A guitar which belonged to Led Zeppelin’s band member Jimmy Page, acquired by a devoted fan 47 years ago has finally returned to its owner.
A post put up on Facebook showed pictures of Page, who was thrilled to have his prized instrument returned to him.
Musician Jeff Curtis said he took the case home with him after it was given to him by drummer John Bonham’s roadie in 1972. This happened on June 14 or 15 that year, when Led Zeppelin played New York’s Nassau Coliseum.
According to UCR, Curtis said he chatted to the chief roadie, a man called Hinton: “On a whim, I asked if I might come down and help them pack up the equipment,” adding “To my complete surprise, he says yes.”
Hinton gave the guitar case to him, allowing him to enter past security to the backstage area as it looked like he was working with the band. “After the few minutes it took to pack up the drums, he says to me, ‘You can have that.’ I was speechless, to say the least!
‘Where will the guitar go?’ He took me over and showed me Jimmy Page’s number one Les Paul guitar in its brand new anvil road case. The case I was given was being discarded that night since its back was crushed and no longer afforded protection to the guitar.
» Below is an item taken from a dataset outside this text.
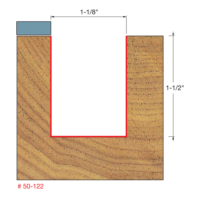 Manufacturer Freud Part Number 50-122-FRD Manufacturer's Part 50-122 Weight 0.500 lbs UPC/EAN Code 8925384250 Diameter 1-1/8" Shank Diameter 1/2" Overall Length 3-3/8" No. of Flutes 2 Type Top Bearing Flush Max. RPM 18,000 RPM Bearing Diameter 1-1/8" Carbide Height 1-1/2"

Talk about being in the right place at the right time!” Curtis said he knew that he should keep quiet about his newly acquired possession. “I had kept this a deep secret over the past 47 years in fear that someone might either burglarize my house or, worse, threaten me in order to steal it,” he said.
“For this reason, I had decided a couple of years ago that I no longer wanted the guitar case. Despite its certain significant monetary value to a collector, I had also decided that I wouldn’t ever sell it since making money off someone else’s fame is simply against my principals. I decided that I would find a way to personally return it to Jimmy Page. But how to accomplish this?”
The opportunity presented itself when Page’s Les Paul was part of an exhibition at New York’s Museum of Art at the beginning of this year. Curtis contacted the curator, who passed photos and details to Page.
“About two weeks later, I got a call from a gentleman, Perry, who works with Jimmy, he asked to set up a meeting to personally examine the case and take several more detailed photos.
About a month later, I received word that Jimmy wanted to meet me and have the case returned.” They met along with some of Curtis’s family in a hotel and spent an hour together.
Curtis described Page’s expression when he was given the case back: “The look on his face was priceless. ‘What memories this brings back! Thank you so much!’”
He continued to say, “In person, he is a genuinely warm and very welcoming gentleman. We talked about Led Zeppelin, he asked about my musical influences, asked my daughters what type of music they enjoyed and various other topics. …
I can honestly say that after the first few minutes, my nervousness completely disappeared and it felt like I was talking with an old friend.” Page brought some gifts to exchange, making the experience even more memorable according to Curtis. “Thanks so much, Jimmy, and thank you, Perry! Mission accomplished,” he concluded.